Exercise requirements »
The line holding "This beautiful quilted" is the last one to output; start at the first line of the data, keep every line in between exactly, and leave out pictures.

Data section »

########

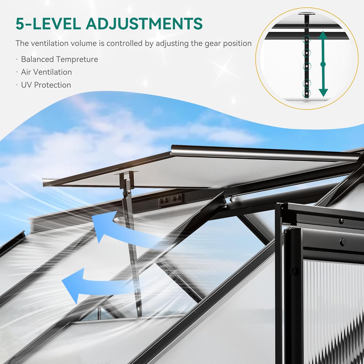 - UPGRADED MATERIALS- 6x8FT polycarbonate greenhouse is constructed using a premium aluminum alloy frame, along with reinforced rods on the sides and diagonal rod fixation for enhanced sturdiness and load-bearing capacity; Double-wall polycarbonate boards with 4mm UV protection effectively blocks 99% of UV radiation to protect your plants
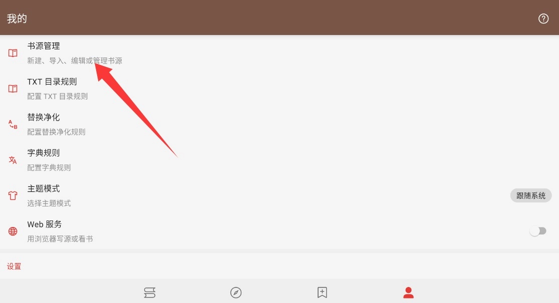 2、在底部导航栏切换至"我的"页面,找到并点击"书源管理"选项进入书源配置中心。
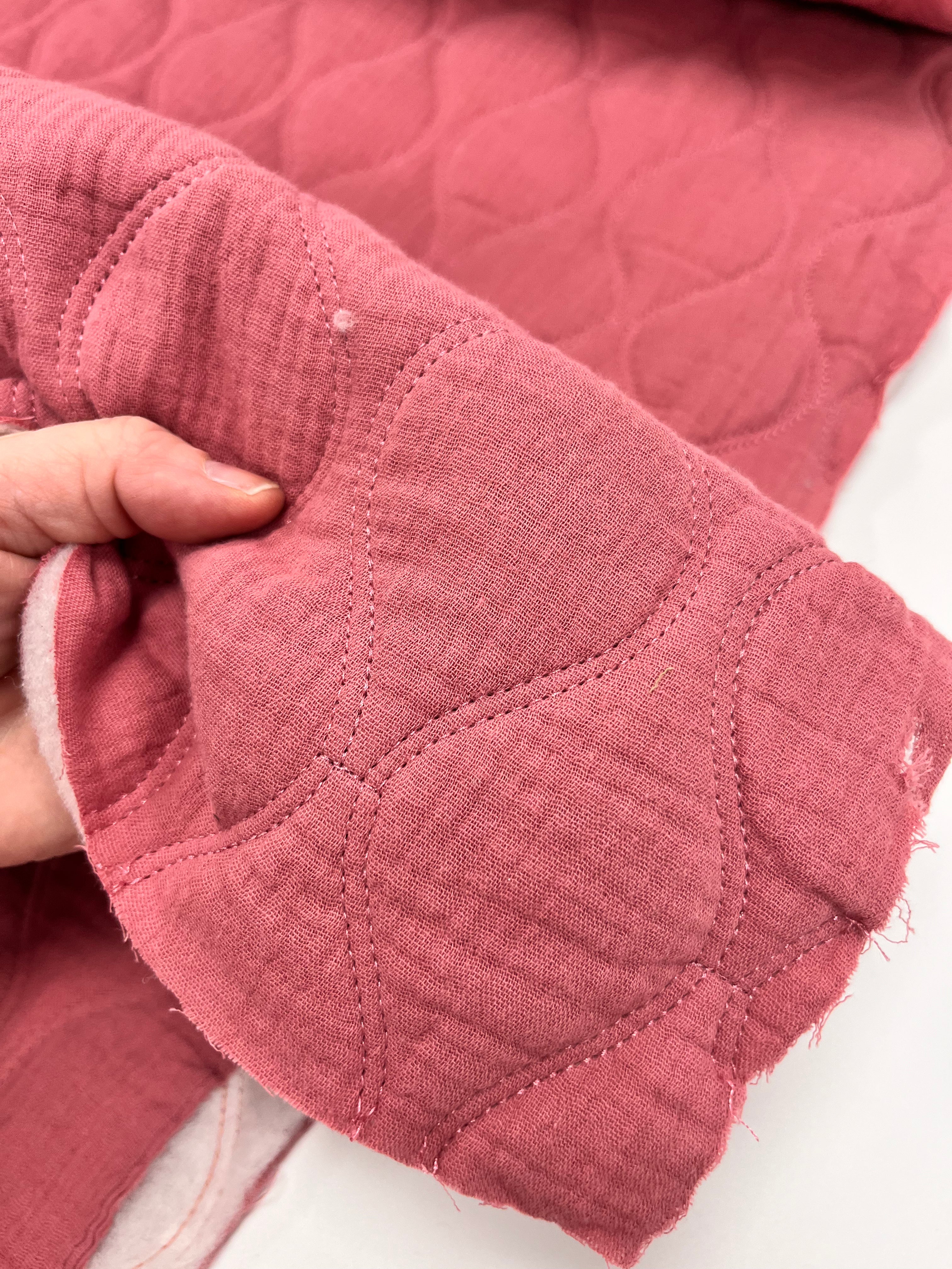 This beautiful quilted double gauze is double sided with the same fabric on both sides so there is no need to line it . It would be fab in a gilet  or jacket with a bias bound edge.
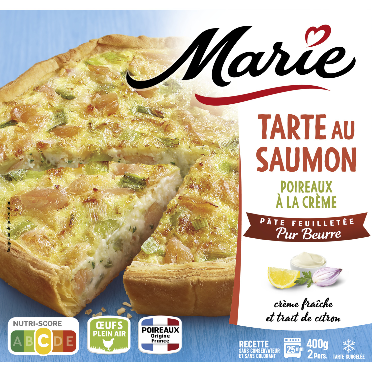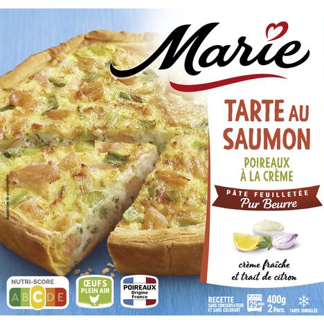 Ingrédients : Garniture 66,3% : SAUMON ATLANTIQUE 12,6%, eau, poireaux 11,7%, OEUFS de poules élevées en plein air 10,5%, CREME fraîche 7,9%, FROMAGE blanc, amidon de maïs, farine de BLE, jus de citron 0,9%, vermouth, SAUMON fumé 0,4% (SAUMON, sel), sel, persil, échalotes 0.2%, poivre. Pâte feuilletée 33,7% : farine de BLE française 20%, eau, BEURRE 4,7%, sel, levure désactivée. Saumon : origine UE et non-UE. Traces possibles de : crustacés, mollusques, moutarde, céleri

########

Solution »
 - UPGRADED MATERIALS- 6x8FT polycarbonate greenhouse is constructed using a premium aluminum alloy frame, along with reinforced rods on the sides and diagonal rod fixation for enhanced sturdiness and load-bearing capacity; Double-wall polycarbonate boards with 4mm UV protection effectively blocks 99% of UV radiation to protect your plants
 2、在底部导航栏切换至"我的"页面,找到并点击"书源管理"选项进入书源配置中心。
 This beautiful quilted double gauze is double sided with the same fabric on both sides so there is no need to line it . It would be fab in a gilet  or jacket with a bias bound edge.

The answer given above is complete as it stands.